Она присела на краешек кровати, чуть отвернувшись.
— Около часа назад. Рано еще, спи…
— Иди ко мне… — потянулся к ней, прижался губами к шее. Она не отталкивала и не отстранялась, но я чувствовал изменения. Меня так трудно обмануть…
Первая мысль — что синевласка узнала о двух трупах ее бывших приятелей. Все же, я немного увлекся с ними, и изрезал сильнее, чем было нужно. Первый оказался слабаком, и сдох слишком быстро. А вот второй меня развлек и продержался достаточно долго, чтобы я сполна удовлетворил свое желание убивать. Я нашел в его сознании воспоминания, те, что относились к Лили и другие, еще более мерзкие. Он пытался звать на помощь, а потом лишь стонал, выкручивая руки и пытаясь освободиться из ремней, которыми я его связал. Дурак. У меня в этом большой опыт, и еще никому не удалось выскользнуть из кожаных пут. Но он этого не знал и рвался, пыхтел, обливался потом и ругался. До тех пор пока я не достал лезвия. Потом уже только хрипел, потому что кричать я ему не позволял. Обычно я не пользуюсь эмпатией, это слегка отвлекает, но сегодня был особенный случай. К тому же, я не хотел, чтобы этот урод поднял своими воплями весь протекторат. Поэтому он извивался от боли, терял сознание, снова приходил в себя от моих ментальных ударов, но делал все это тихо, почти беззвучно. Впрочем, говорить я ему не запрещал.
— Ты такой же, — хрипел он, — такой же, как я! Ты ничем не лучше!
— Я — хуже, — вытер окровавленное лезвие о его одежду. — Гораздо хуже. Но я сильнее, и поэтому сегодня умрешь ты.
— Почему… за что? — мрак, неужели ему есть разница, за что умирать? С таким-то количеством грехов?

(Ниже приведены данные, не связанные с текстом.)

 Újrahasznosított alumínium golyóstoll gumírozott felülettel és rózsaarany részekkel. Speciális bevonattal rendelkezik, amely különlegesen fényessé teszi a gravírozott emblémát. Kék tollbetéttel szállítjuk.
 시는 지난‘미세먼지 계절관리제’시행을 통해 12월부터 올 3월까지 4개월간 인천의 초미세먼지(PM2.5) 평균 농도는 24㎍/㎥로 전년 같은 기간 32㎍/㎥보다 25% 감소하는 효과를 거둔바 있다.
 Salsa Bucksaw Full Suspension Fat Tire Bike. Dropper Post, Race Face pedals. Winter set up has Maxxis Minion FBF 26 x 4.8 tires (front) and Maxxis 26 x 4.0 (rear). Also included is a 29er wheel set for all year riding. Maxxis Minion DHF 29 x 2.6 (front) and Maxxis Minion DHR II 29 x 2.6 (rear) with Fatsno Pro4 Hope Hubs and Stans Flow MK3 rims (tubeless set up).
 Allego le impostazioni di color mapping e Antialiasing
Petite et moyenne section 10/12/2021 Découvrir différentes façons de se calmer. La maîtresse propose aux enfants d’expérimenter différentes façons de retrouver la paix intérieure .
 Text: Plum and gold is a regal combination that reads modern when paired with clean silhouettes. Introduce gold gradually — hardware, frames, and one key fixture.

— Не люблю, когда трогают то, что принадлежит мне, — пожал плечами. — Или делают то, на что имею право только я…
— Не понимаю. Я не понимаю!
— И не надо, — правда, мне лень объяснять. А раскаяние меня и вовсе не интересует. Не верю в его искренность. Когда вас режут на куски, вы с радостью раскаетесь даже в том, что грудничком предпочитали молоко матери, а не отборный виски. Так что я просто добил его.
Но откуда Лили могла об этом узнать?
— Что-то случилось, маленькая? — целую ей шею, с замиранием сердца ожидая лжи. Я знаю, как это выглядит: легкая пауза, чтобы сочинить что-то достаточно жалостливое и правдоподобное. Притворное смущение. Опущенные дрожащие ресницы. И взгляд из-под них, чтобы рассмотреть: понял ли?

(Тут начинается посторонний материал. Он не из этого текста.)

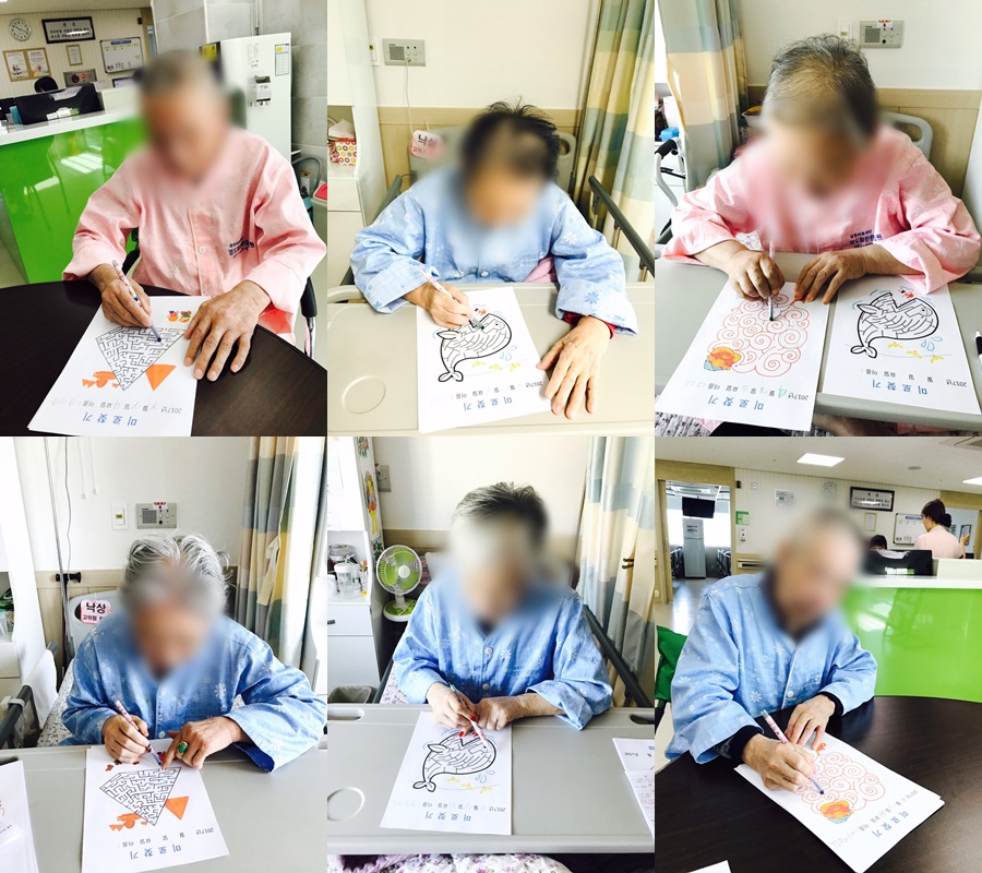 인지치료 - 미로 찾기 본문 2017년 4월 18일 (화) 오늘은 인지치료로 미로 찾기를 하였습니다. 출발점과 도착점을 알려드리며 설명을 해드렸지만, 미로 찾기에 대해 조금 어려워 하셨습니다. 하지만, 진행자와 함께 조금씩 미로를 찾아 가시면서 재미있어 하시면서 미로 찾기를 끝낼 수 있었습니다^^ 이전글 목록 다음글
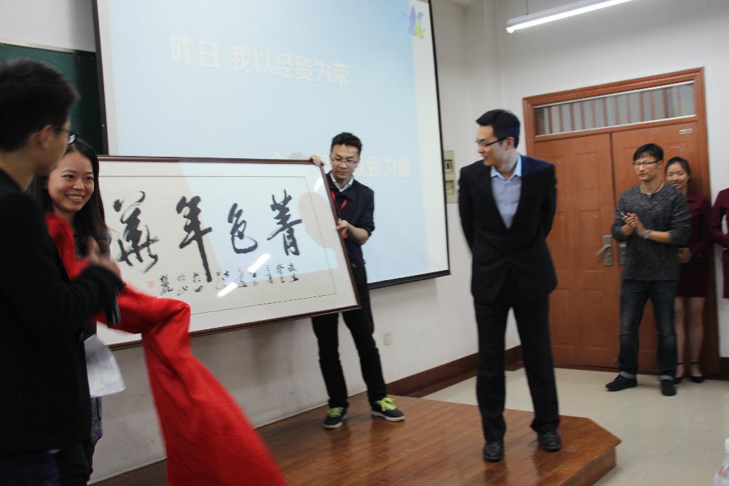 活动由梦想学员代表发言拉开序幕,随后,三位学长赠给学院和新一届经贸人“菁色年华”四个大字。作为回赠,同人漫画
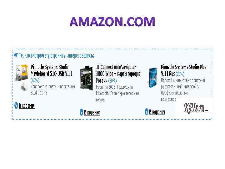 Действенность разного вида рекомендаций: (опыт ОЗОНа) На просмотре карточки товара: • С этим товаром часто покупают (9% всех добавлений в корзину) • Те, кто смотрел эту страницу, затем купили (5% всех добавлений в корзину) На просмотре результатов поиска: • Те, кто искал «кейворд» , купили: (5% всех добавлений в корзину) Про просмотре раздела: • Бестселлеры просматриваемого раздела (4% всех добавлений в корзину) Рекомендательная система - это 38% количества товаров, добавленных в корзину.

Я ненавидел это, и мои ладони безотчетно сжались, словно в глупой надежде побороться с враньем.
Что придумает моя маленькая нежная Лилия?
— Так что случилось, цветочек?
— Я… прости… Это, конечно, неважно… но я расстроилась. Немного.
— Из-за чего?
Я заставляю себя оторваться от ее шеи, которую уже не целую, а рассматриваю, словно готовясь перегрызть. И пытаюсь решить, что сделаю с ней, если цветочек мне соврет.

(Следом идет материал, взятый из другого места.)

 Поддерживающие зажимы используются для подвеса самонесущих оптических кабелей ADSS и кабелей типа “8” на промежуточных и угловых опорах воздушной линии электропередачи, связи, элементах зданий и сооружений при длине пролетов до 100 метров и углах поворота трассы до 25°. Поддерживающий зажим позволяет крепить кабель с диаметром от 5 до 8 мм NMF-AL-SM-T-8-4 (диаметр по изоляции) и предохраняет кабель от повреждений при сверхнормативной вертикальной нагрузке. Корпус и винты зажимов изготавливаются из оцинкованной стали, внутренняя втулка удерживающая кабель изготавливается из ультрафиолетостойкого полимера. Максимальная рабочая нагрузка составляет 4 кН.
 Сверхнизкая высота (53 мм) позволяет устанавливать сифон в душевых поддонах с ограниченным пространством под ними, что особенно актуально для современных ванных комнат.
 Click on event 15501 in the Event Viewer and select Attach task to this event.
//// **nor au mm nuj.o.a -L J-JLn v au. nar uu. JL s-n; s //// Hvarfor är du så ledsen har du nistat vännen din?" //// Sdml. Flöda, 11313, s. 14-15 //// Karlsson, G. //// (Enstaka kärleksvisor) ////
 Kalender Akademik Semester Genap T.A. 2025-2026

— Ночью ты назвал меня чужим именем. Во сне, — она произносит это на одном вдохе, вскидывает заплаканные глаза и смотрит мне в лицо. Испуганно и обиженно, словно маленький ребенок.
А я начинаю смеяться. Не сразу, сначала с изумлением осознаю, а лишь потом…
— Это не смешно! — ее обида раздувается, как воздушный шарик, готовый лопнуть с громким хлопком. Пустая обида — пустой шарик.
— Маленькая, это очень смешно! — я дергаю ее на себя и обхватываю руками, оплетаю ногами, чтобы не убежала.
— Не смешно! — шарик уже свистит от накачанного в него воздуха. — Ни капельки. Кай! Я не хочу с тобой целоваться. И ты… колючий!